Information given:
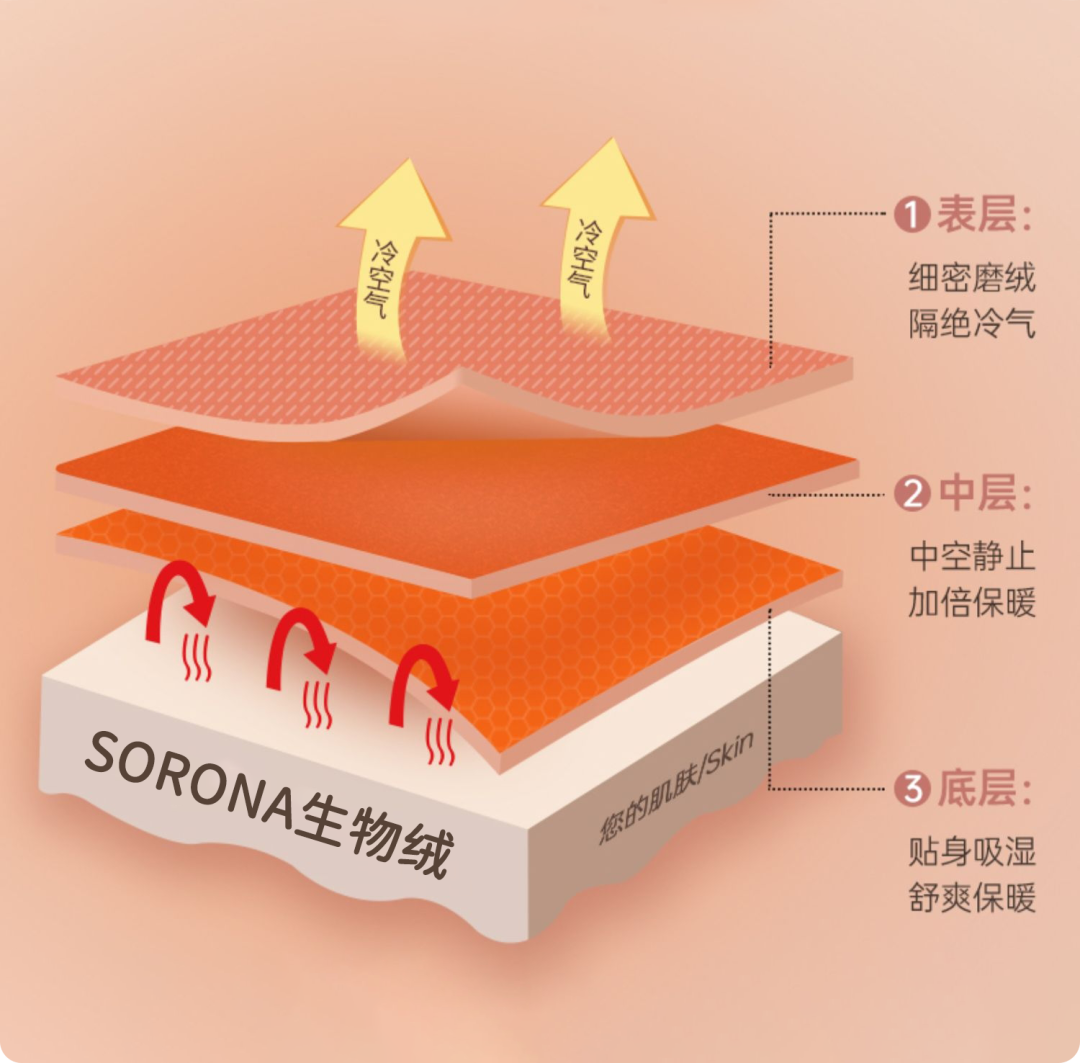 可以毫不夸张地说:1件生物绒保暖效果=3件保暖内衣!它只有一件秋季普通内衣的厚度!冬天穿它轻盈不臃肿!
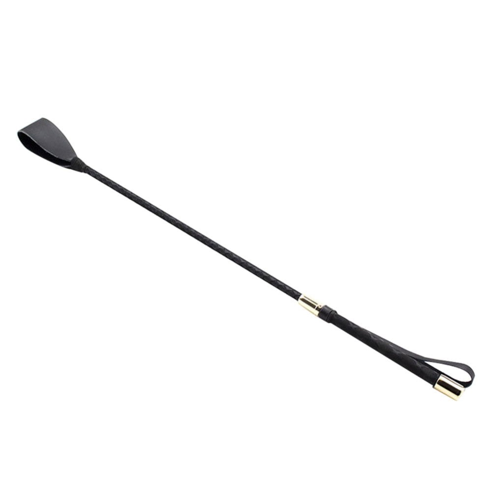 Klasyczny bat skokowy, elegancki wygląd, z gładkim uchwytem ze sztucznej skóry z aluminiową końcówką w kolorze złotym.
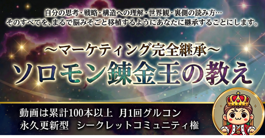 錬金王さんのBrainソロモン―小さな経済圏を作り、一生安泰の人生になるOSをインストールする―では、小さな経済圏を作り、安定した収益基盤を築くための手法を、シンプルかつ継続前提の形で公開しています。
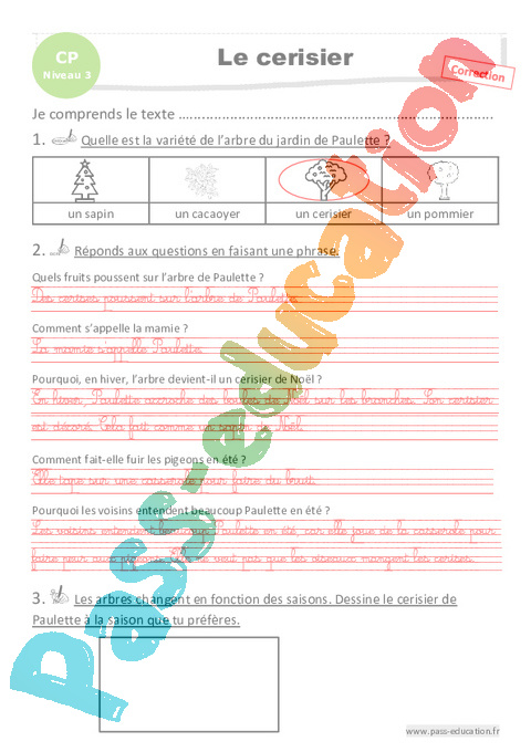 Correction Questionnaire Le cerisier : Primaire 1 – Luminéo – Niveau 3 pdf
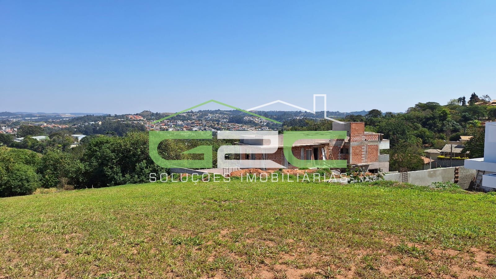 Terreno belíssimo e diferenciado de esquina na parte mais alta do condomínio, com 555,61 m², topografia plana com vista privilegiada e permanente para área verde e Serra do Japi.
--
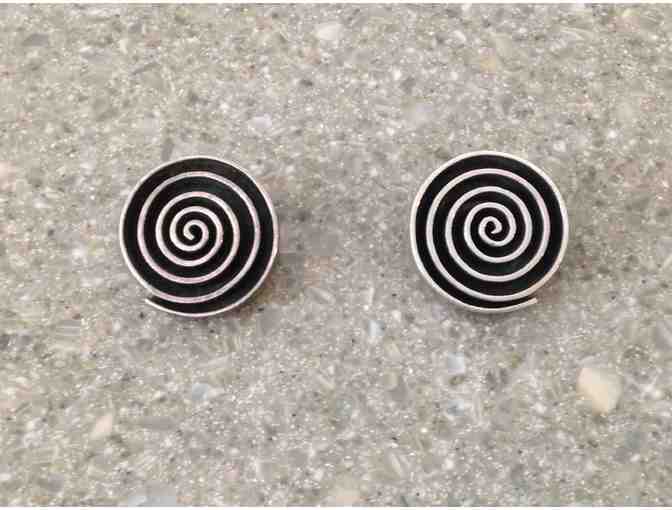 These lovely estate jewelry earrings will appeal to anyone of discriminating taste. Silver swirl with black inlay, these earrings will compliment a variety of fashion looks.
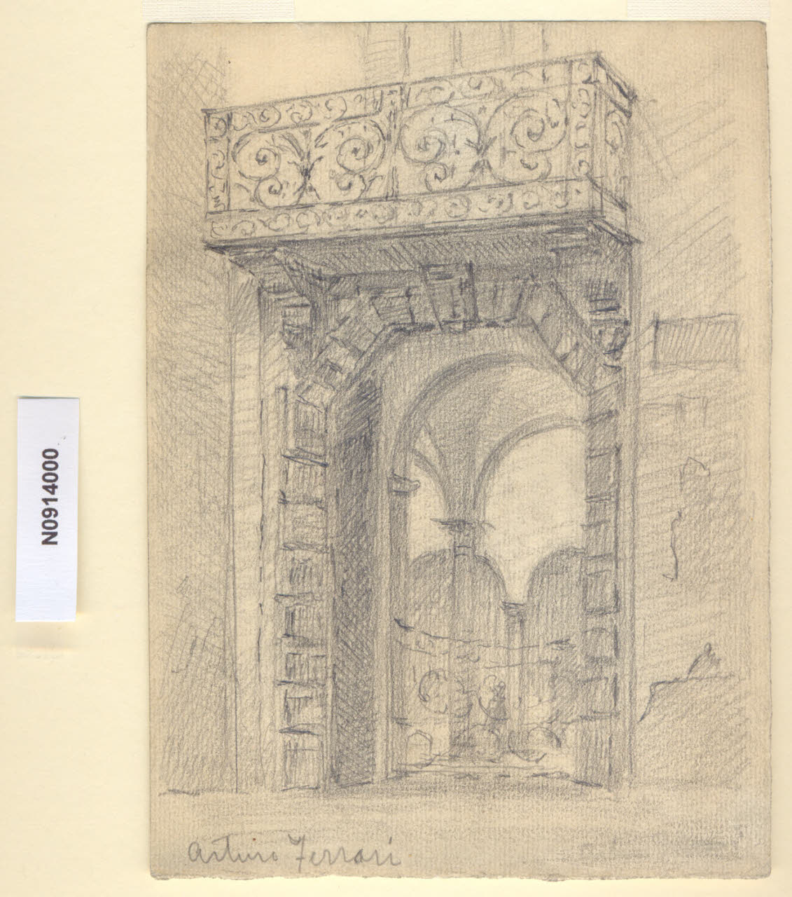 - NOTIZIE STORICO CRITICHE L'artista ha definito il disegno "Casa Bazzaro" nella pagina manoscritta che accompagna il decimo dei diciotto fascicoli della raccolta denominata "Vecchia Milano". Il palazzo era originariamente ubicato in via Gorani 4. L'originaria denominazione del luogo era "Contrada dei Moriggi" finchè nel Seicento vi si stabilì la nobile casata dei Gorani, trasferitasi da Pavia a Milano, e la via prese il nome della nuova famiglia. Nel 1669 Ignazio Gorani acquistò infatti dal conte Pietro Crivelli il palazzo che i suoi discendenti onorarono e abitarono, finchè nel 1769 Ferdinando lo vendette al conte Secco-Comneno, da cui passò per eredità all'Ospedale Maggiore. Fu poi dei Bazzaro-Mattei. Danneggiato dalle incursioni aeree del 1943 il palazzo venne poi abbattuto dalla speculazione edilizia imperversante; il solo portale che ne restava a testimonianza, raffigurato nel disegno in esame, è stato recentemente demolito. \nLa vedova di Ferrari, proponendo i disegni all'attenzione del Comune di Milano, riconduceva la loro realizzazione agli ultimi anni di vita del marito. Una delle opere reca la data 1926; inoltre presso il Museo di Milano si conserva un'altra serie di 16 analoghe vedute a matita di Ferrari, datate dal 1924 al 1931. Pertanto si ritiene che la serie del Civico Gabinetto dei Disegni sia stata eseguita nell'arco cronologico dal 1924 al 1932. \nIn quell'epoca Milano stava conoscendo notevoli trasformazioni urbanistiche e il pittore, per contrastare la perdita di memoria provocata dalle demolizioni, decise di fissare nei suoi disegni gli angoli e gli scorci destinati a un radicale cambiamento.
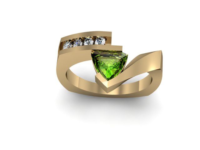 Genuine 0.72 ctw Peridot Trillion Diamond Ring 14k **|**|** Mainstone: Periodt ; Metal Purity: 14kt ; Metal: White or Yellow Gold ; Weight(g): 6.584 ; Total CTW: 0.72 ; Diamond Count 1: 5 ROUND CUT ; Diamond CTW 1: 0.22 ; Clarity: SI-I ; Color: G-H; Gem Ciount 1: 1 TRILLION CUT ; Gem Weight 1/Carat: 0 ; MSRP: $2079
==
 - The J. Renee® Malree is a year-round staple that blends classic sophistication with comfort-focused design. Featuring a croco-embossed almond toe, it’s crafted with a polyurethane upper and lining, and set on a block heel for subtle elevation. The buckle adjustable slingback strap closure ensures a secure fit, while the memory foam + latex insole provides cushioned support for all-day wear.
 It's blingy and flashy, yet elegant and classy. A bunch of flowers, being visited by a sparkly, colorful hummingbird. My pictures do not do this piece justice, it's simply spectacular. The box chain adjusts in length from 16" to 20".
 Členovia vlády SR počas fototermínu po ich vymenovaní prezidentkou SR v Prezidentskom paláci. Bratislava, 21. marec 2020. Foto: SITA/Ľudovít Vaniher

Task: Would you copy, word for word, only the lines above from the one containing "Correction Questionnaire Le" through the one containing "Terreno belíssimo e", both included, and please leave out the pictures?

Written answer:
 Correction Questionnaire Le cerisier : Primaire 1 – Luminéo – Niveau 3 pdf
 Terreno belíssimo e diferenciado de esquina na parte mais alta do condomínio, com 555,61 m², topografia plana com vista privilegiada e permanente para área verde e Serra do Japi.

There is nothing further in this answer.